**TASK OBJECTIVE**
Print the lines in the listing below starting at the line with "Gruppenarbeit Benedikt und" and ending at the line with "Extensively researched as", both included. Reproduce them exactly and omit every picture.

**WORKING DATA**
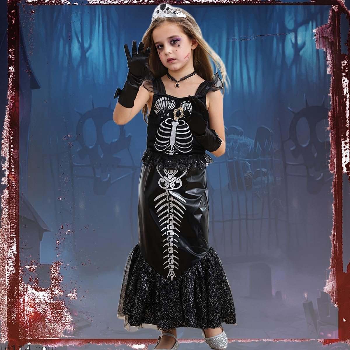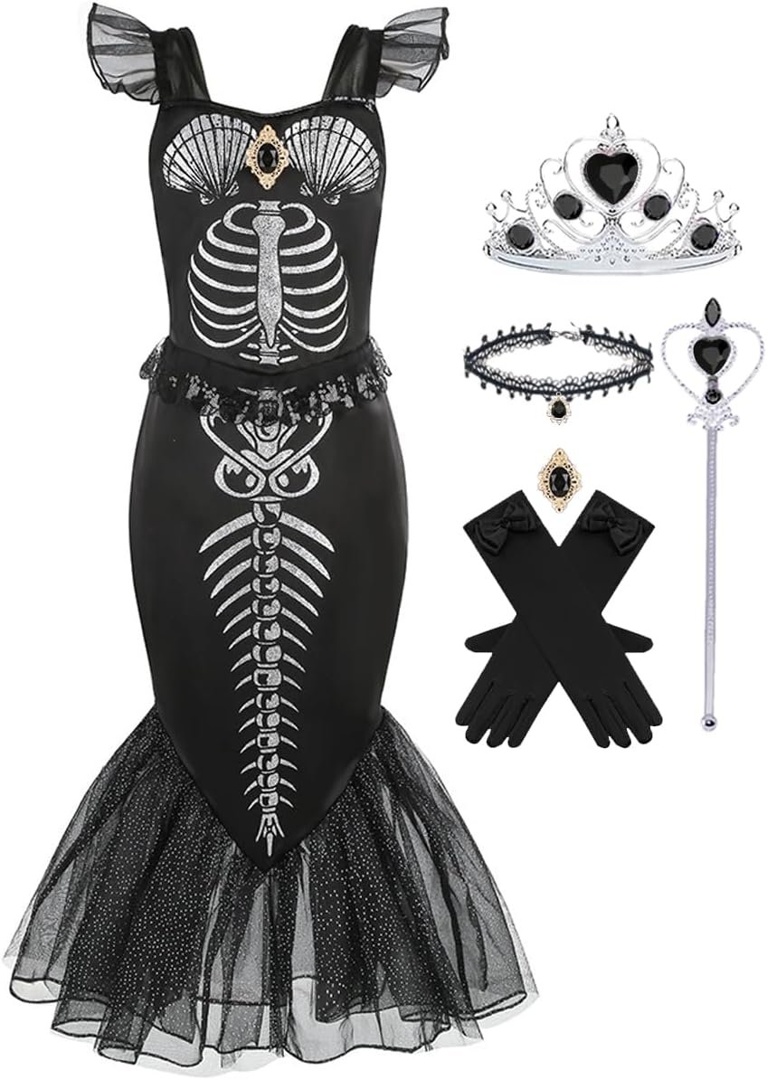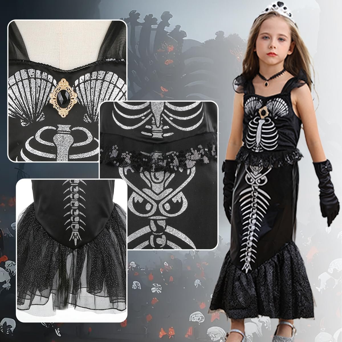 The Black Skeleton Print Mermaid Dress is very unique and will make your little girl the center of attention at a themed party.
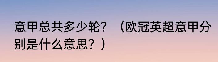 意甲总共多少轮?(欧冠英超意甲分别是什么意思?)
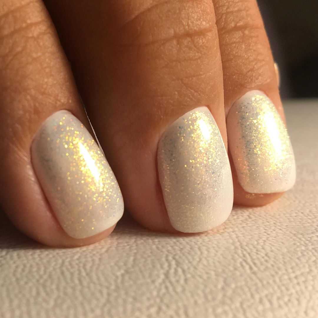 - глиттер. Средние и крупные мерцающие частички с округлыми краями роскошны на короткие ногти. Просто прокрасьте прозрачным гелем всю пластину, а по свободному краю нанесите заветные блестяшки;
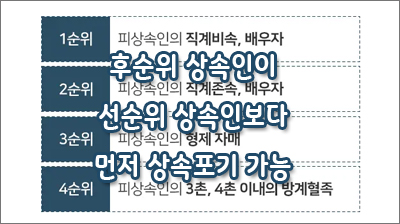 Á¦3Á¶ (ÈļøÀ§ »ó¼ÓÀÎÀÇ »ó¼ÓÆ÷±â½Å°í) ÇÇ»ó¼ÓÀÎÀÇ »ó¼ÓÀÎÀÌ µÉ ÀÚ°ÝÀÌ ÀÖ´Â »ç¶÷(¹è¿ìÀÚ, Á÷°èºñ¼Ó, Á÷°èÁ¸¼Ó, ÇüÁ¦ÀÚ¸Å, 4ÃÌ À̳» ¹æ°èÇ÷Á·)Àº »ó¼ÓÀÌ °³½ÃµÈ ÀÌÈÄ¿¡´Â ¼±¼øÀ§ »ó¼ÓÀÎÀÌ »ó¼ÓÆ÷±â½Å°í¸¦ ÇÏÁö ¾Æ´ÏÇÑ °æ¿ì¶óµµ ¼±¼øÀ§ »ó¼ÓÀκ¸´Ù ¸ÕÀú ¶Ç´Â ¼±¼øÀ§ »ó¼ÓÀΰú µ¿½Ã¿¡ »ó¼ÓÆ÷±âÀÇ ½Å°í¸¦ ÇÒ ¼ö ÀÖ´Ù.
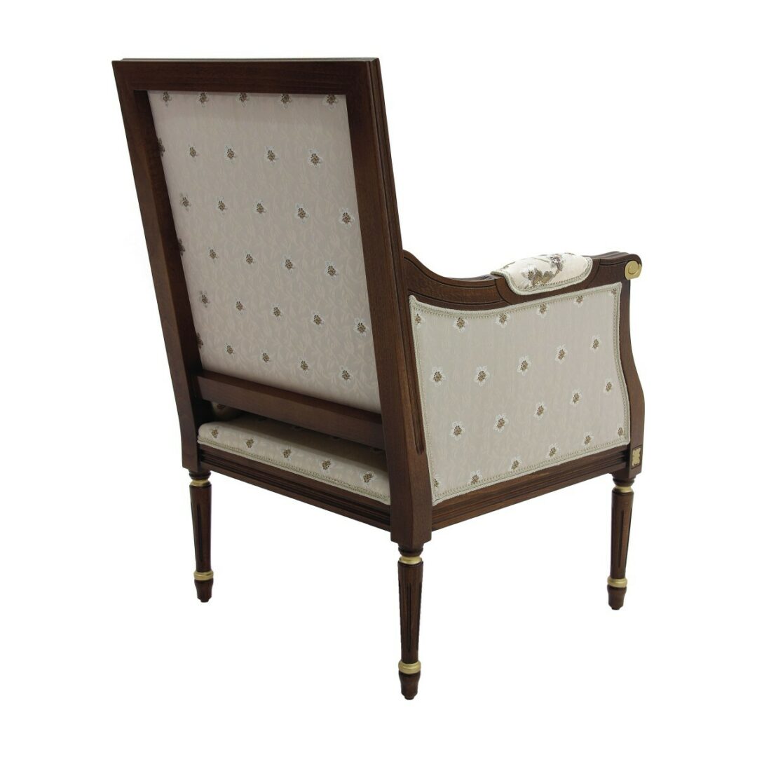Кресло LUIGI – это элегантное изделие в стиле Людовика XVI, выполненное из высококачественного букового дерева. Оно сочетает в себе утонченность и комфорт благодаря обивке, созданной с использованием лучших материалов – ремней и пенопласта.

---

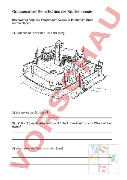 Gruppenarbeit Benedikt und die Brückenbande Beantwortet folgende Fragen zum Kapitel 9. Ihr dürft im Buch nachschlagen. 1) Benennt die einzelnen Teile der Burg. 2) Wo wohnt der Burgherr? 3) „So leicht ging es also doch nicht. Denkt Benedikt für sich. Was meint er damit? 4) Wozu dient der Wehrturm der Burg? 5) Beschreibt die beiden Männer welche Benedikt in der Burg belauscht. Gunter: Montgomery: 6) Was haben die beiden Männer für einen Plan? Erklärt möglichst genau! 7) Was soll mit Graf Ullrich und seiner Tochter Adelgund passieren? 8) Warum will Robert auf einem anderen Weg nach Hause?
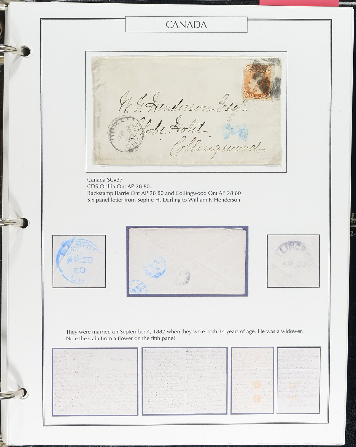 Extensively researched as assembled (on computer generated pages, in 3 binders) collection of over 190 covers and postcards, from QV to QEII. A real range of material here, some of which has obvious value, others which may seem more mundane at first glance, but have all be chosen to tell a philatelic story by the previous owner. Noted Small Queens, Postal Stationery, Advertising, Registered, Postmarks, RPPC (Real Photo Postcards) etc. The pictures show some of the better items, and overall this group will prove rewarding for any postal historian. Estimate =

--

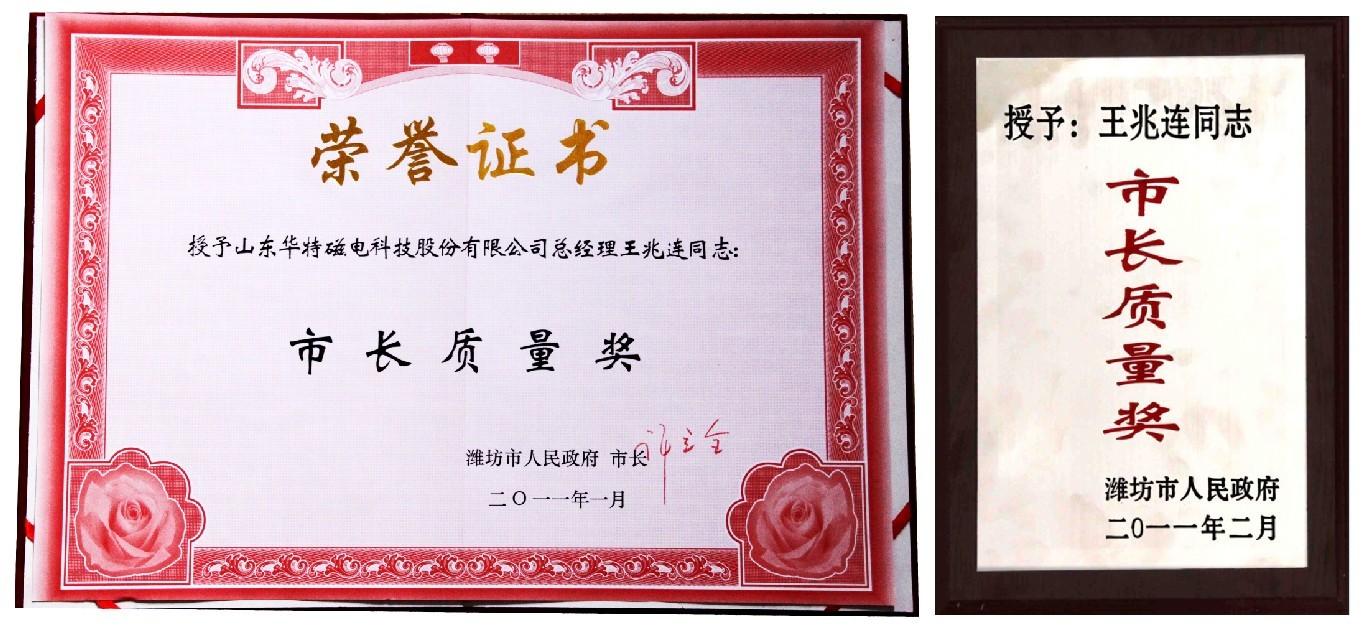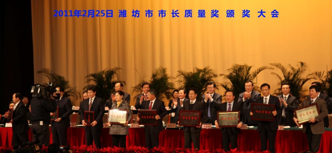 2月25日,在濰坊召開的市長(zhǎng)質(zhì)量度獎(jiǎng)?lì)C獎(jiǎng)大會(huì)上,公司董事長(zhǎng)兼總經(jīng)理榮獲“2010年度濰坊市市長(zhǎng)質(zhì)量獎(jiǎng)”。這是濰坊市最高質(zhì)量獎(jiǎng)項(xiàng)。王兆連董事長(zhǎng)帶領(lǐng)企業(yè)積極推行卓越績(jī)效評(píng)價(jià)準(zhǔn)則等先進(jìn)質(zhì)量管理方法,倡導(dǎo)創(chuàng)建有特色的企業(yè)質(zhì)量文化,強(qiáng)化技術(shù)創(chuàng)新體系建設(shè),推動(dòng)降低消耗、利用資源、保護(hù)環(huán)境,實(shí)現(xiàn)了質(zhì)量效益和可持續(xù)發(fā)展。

**RESPONSE TO THIS EXERCISE**
 Gruppenarbeit Benedikt und die Brückenbande Beantwortet folgende Fragen zum Kapitel 9. Ihr dürft im Buch nachschlagen. 1) Benennt die einzelnen Teile der Burg. 2) Wo wohnt der Burgherr? 3) „So leicht ging es also doch nicht. Denkt Benedikt für sich. Was meint er damit? 4) Wozu dient der Wehrturm der Burg? 5) Beschreibt die beiden Männer welche Benedikt in der Burg belauscht. Gunter: Montgomery: 6) Was haben die beiden Männer für einen Plan? Erklärt möglichst genau! 7) Was soll mit Graf Ullrich und seiner Tochter Adelgund passieren? 8) Warum will Robert auf einem anderen Weg nach Hause?
 Extensively researched as assembled (on computer generated pages, in 3 binders) collection of over 190 covers and postcards, from QV to QEII. A real range of material here, some of which has obvious value, others which may seem more mundane at first glance, but have all be chosen to tell a philatelic story by the previous owner. Noted Small Queens, Postal Stationery, Advertising, Registered, Postmarks, RPPC (Real Photo Postcards) etc. The pictures show some of the better items, and overall this group will prove rewarding for any postal historian. Estimate =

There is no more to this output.